We thus aimed to characterize the difference between 60-day survivors and non-survivors among hospitalized older adults and further investigate how those with increased risk of poor outcome can be identified as early as possible. Clinical data, including patient symptoms, comorbidities, complications, and functional capacity, were assessed to identify factors affecting outcome of SARS-CoV-2 infection in elderly patients. To the best of our knowledge, this paper presents the Central-Eastern European perspective of COVID-19 for the first time.

2. Method

Data from the first 50 older patients (≥60 years of age) hospitalized for COVID-19 in the Jozef Strus Hospital, Poznan, Poland, were extracted and retrospectively analyzed. The data include patient symptoms, complications, laboratory results, and functional capacity prior to hospitalization, with patient outcome, discharged or dead, known prior to analysis. All studied patients had a diagnosis of COVID-19 confirmed by a positive result of RT-PCR testing of a nasopharyngeal swab. The Vitassay^® assay was used at Cobas^® 2480 (Roche) system, and RNA isolation was performed using Geneproof. The inclusion criterion was hospitalization lasting at least 48 h.

In Poland, on 8 March, one hospital in each voivodeship (total of 16, preferably those with infectious wards) were transformed into monomial hospitals, dedicated entirely to the treatment of COVID-19, therein also the Jozef Strus Hospital in Poznan, Poland. Upon suspicion of COVID-19, community-dwelling patients were referred to laboratories (including the ones in dedicated COVID-19 hospitals) which performed RT-PCR tests for SARS-CoV-2. Gene ORF1 ab and n were tested with declared test sensitivity above 10 viral copies, as a measure to standardize testing. If tested positive and symptomatic, the patients were either hospitalized in monomial hospitals or—in milder cases—isolated at home with quarantine regulations and mandatory regular contact with medical staff over the phone. As for institutionalized adults (e.g., residents of nursing homes, care homes, or residential facilities) or patients hospitalized in non-monomial hospitals, the test was performed in the place of stay. If tested positive, these patients were transferred to a dedicated COVID-19 hospital; this was, notably, also the case for patients from palliative care units or hospices.

The first COVID-19 patient (aged ≥ 60) included in the study was hospitalized in the Jozef Strus Hospital on 12 March 2020 and the last on 5 April 2020. For all patients, demographic information (age, sex, and place of living: home/institution), clinical, laboratory, treatment, and outcome data were extracted from the in-hospital medical records.
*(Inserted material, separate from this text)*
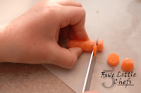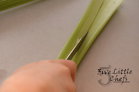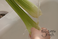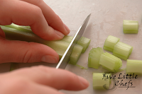 With her newly aquired knife skills she washed and cut the celery and the carrots into bite sized pieces.

Measurements were based on clinical judgement and recorded by the attending physicians. Exacerbations of pre-existing chronic conditions were judged taking into account previous medical history and comorbidities of individual patients as compared to their health status and progression at COVID-19 hospitalization.

As far as clinical data are concerned, symptoms at admission were analyzed (mainly, fever, cough, dyspnea, and muscular pain); in addition, any new symptoms and exacerbations of pre-existing chronic clinical conditions were noted. Fever was defined as the axillary temperature above 38.0 °C while subfebrile condition was understood as a temperature of 37.1–38.0 °C. Additionally, the presence of cognitive impairment (including delirium) was taken into account. Cognitive impairment was determined based on standard clinical assessment procedure including physical assessment by attending clinicians upon admission to the hospital, as well as past medical history assessment.

The medical history of cardiovascular diseases (hypertension, congestive heart failure, ischemic heart disease, arrhythmias, and valvular diseases), chronic obstructive pulmonary disease (COPD) or asthma, diabetes, kidney or liver insufficiency, stroke, and dementia and cancer (current or within the last five years) was also retrieved. Infectious disease specialists or internal medicine physicians and nurses’ reports included in hospital medical records were in combination the basis for assessments.

On admission, the patients were additionally assigned a COVID-19 clinical status by specialized physicians in internal medicine or infectious disease, based on the report by WHO-China Joint Mission [14]: (1) (Mild) lab confirmed but no pneumonia present; (2) (Moderate) lab confirmed with pneumonia present; (3) (Severe) respiratory rate ≥ 30 per minute, dyspnea present, oxygen saturation in blood ≤ 93%; and (4) (Critical) required mechanical ventilation due to respiratory failure or intensive care due to severe deterioration of condition from organ failure.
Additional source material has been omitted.